- _Exercise_: Only the lines from the one containing "Нейтрализует неприятные запахи" through the end of the data are wanted, reproduced exactly and without pictures.

- _Source data_:
#####
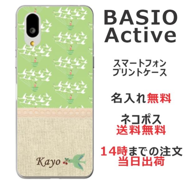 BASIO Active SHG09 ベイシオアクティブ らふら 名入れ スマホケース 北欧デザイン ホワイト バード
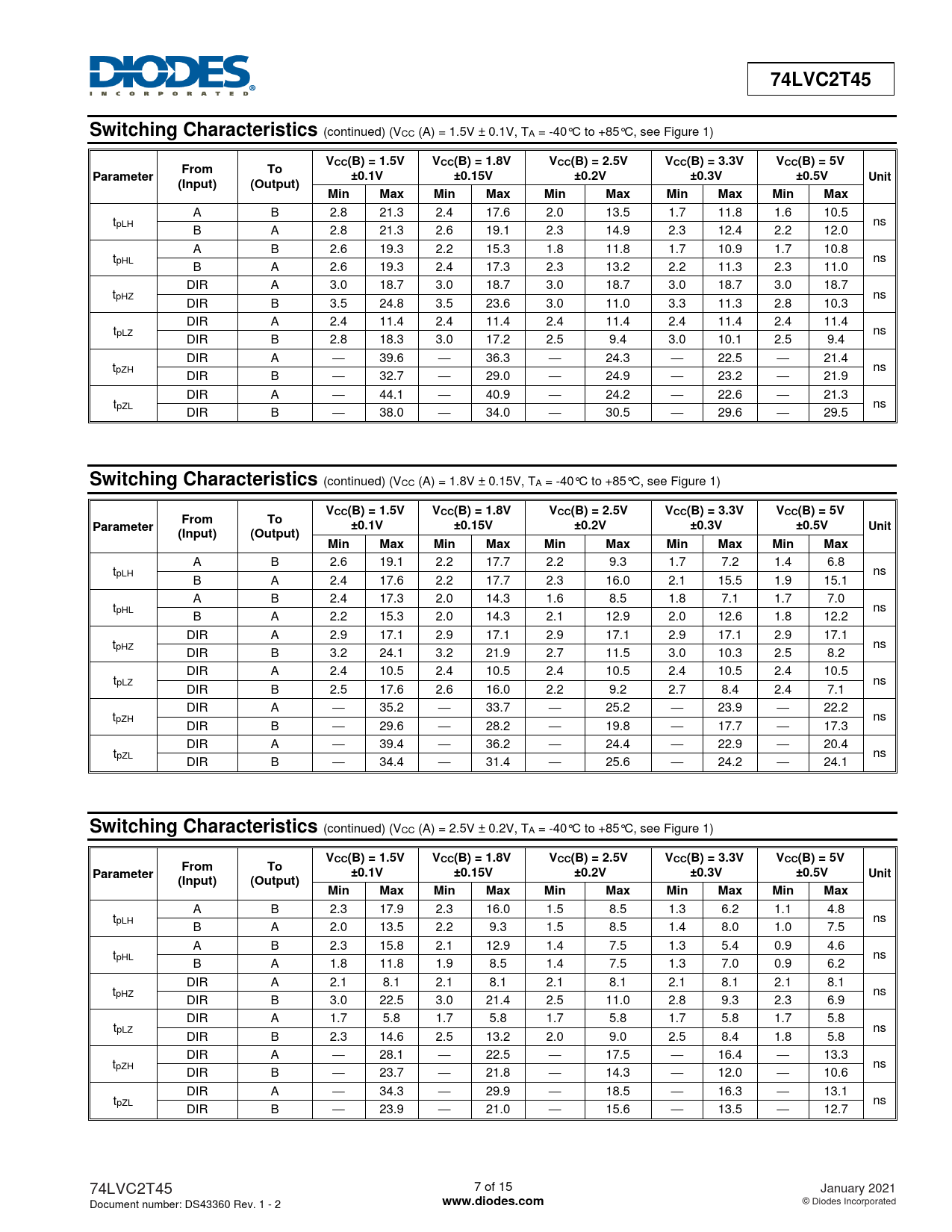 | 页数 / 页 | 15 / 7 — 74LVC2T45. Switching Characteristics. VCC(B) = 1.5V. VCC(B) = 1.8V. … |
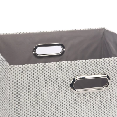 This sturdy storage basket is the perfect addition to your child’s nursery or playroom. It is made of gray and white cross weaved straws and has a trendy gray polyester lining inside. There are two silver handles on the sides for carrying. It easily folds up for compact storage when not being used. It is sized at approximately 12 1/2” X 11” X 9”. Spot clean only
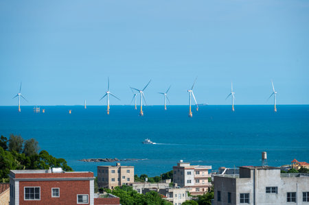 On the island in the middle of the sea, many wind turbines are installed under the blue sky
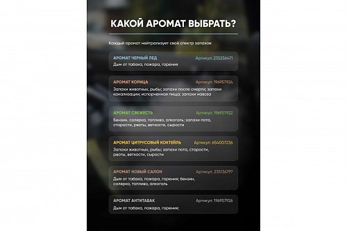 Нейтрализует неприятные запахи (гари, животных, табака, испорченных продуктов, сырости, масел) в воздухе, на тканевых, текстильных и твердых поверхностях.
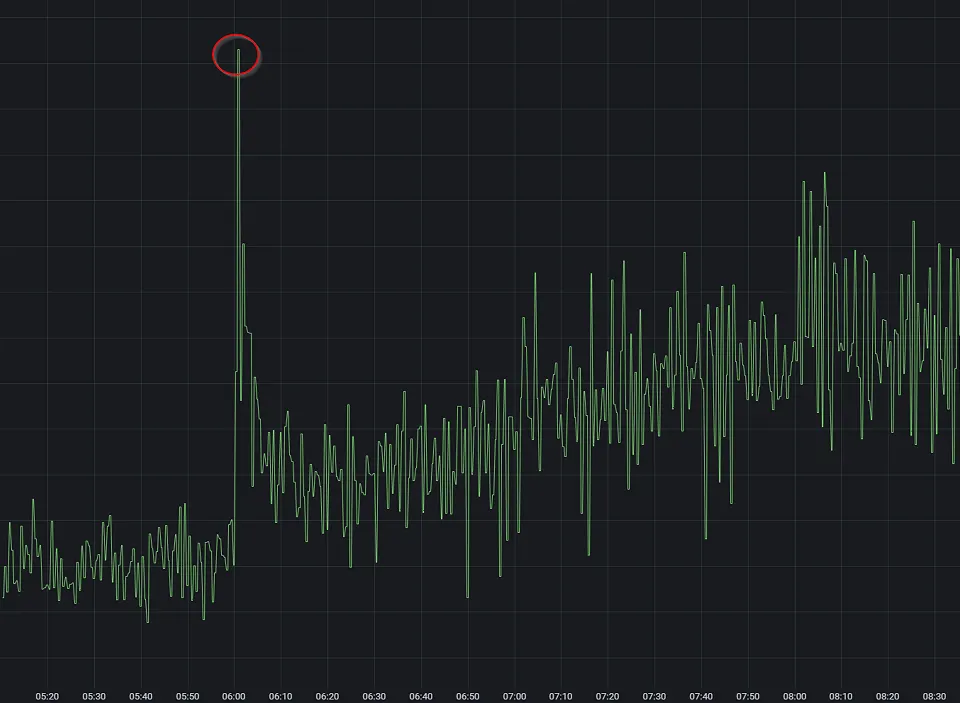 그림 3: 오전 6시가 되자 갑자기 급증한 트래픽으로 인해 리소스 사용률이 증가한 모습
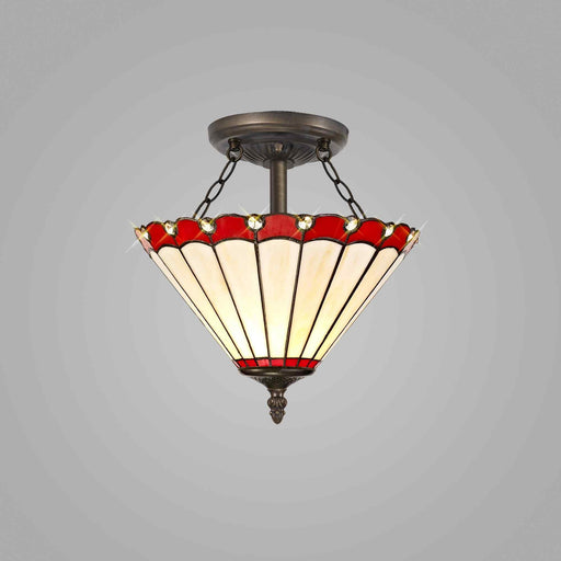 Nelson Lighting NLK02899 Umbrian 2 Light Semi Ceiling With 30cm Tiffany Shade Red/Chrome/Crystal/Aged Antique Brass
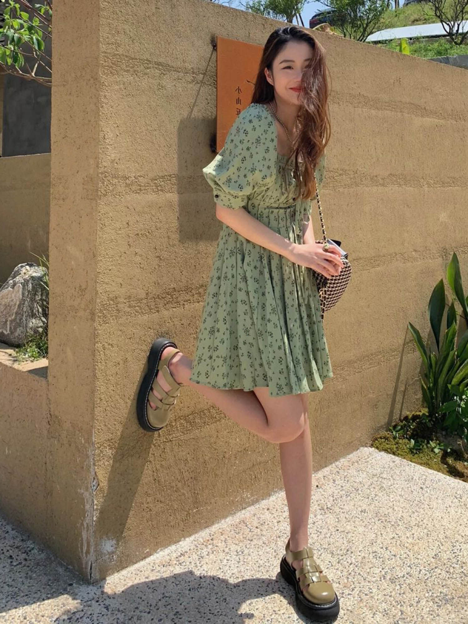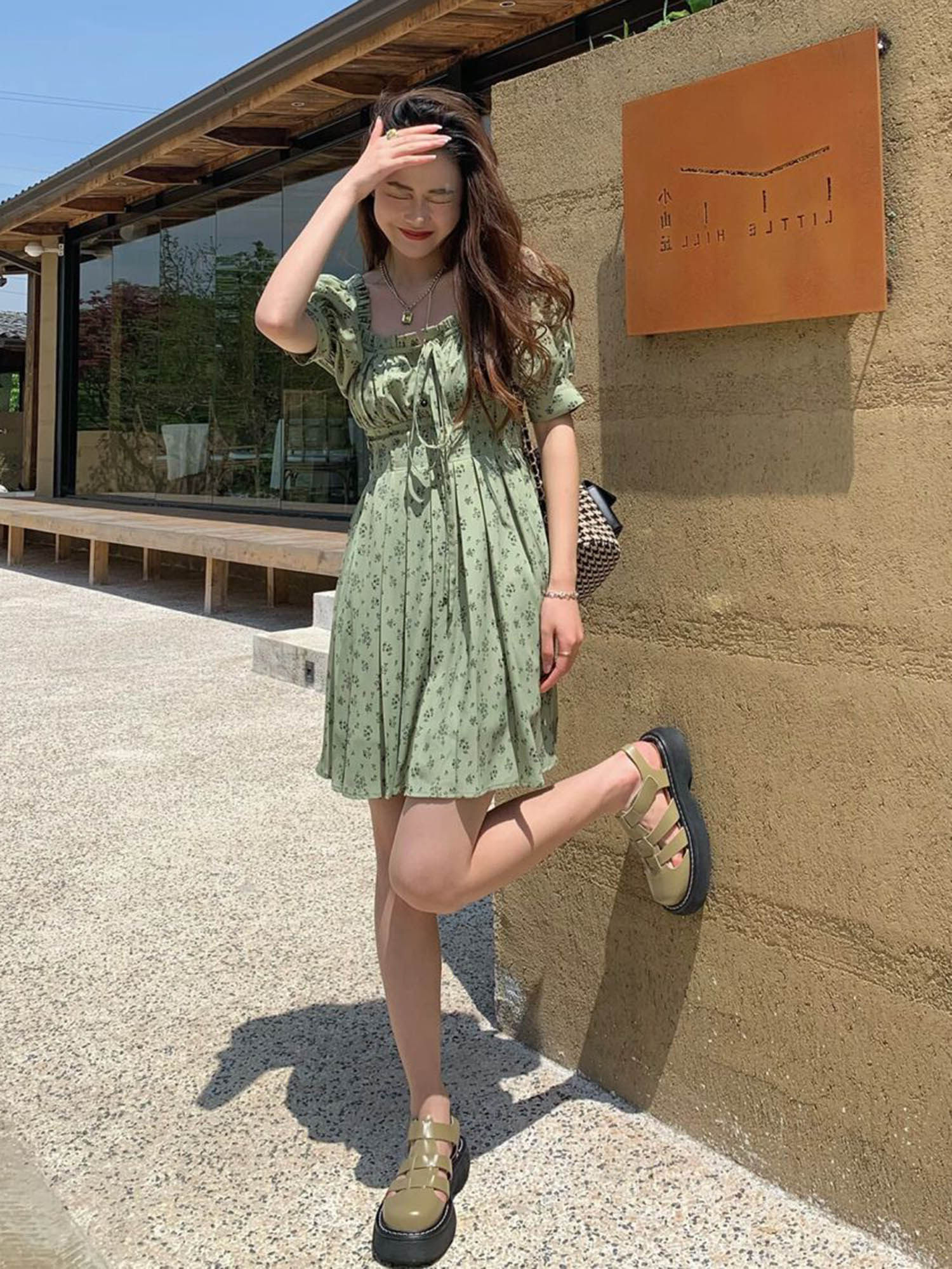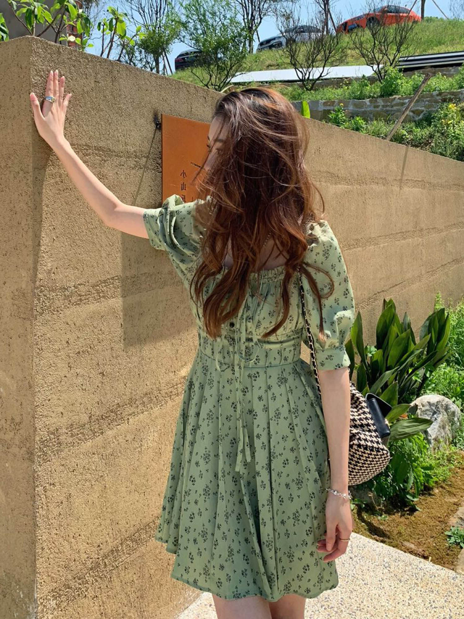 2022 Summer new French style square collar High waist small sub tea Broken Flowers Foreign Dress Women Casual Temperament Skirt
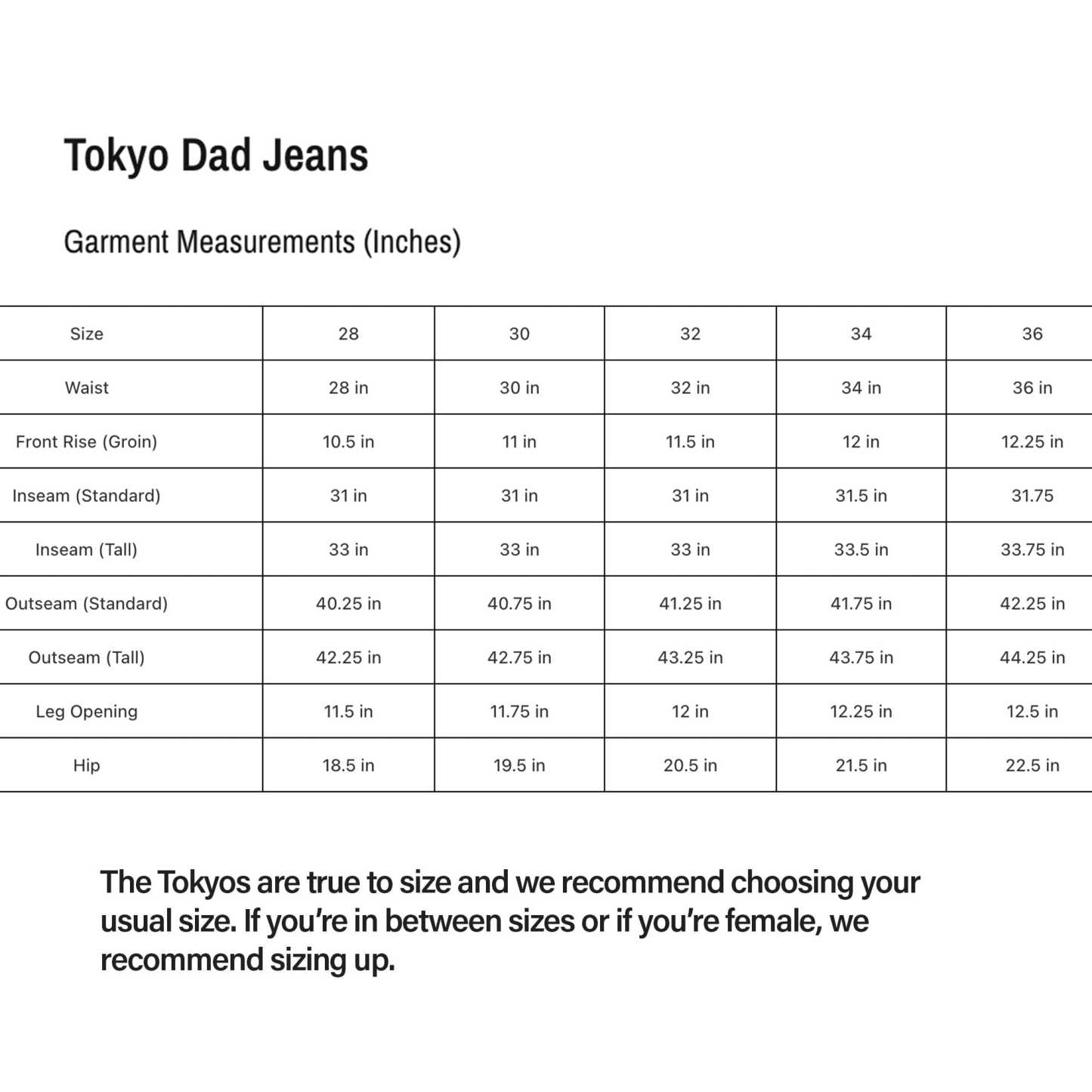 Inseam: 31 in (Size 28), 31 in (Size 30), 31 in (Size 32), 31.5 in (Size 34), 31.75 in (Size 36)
#####
- _Exercise output_:
 Нейтрализует неприятные запахи (гари, животных, табака, испорченных продуктов, сырости, масел) в воздухе, на тканевых, текстильных и твердых поверхностях.
 그림 3: 오전 6시가 되자 갑자기 급증한 트래픽으로 인해 리소스 사용률이 증가한 모습
 Nelson Lighting NLK02899 Umbrian 2 Light Semi Ceiling With 30cm Tiffany Shade Red/Chrome/Crystal/Aged Antique Brass
 2022 Summer new French style square collar High waist small sub tea Broken Flowers Foreign Dress Women Casual Temperament Skirt
 Inseam: 31 in (Size 28), 31 in (Size 30), 31 in (Size 32), 31.5 in (Size 34), 31.75 in (Size 36)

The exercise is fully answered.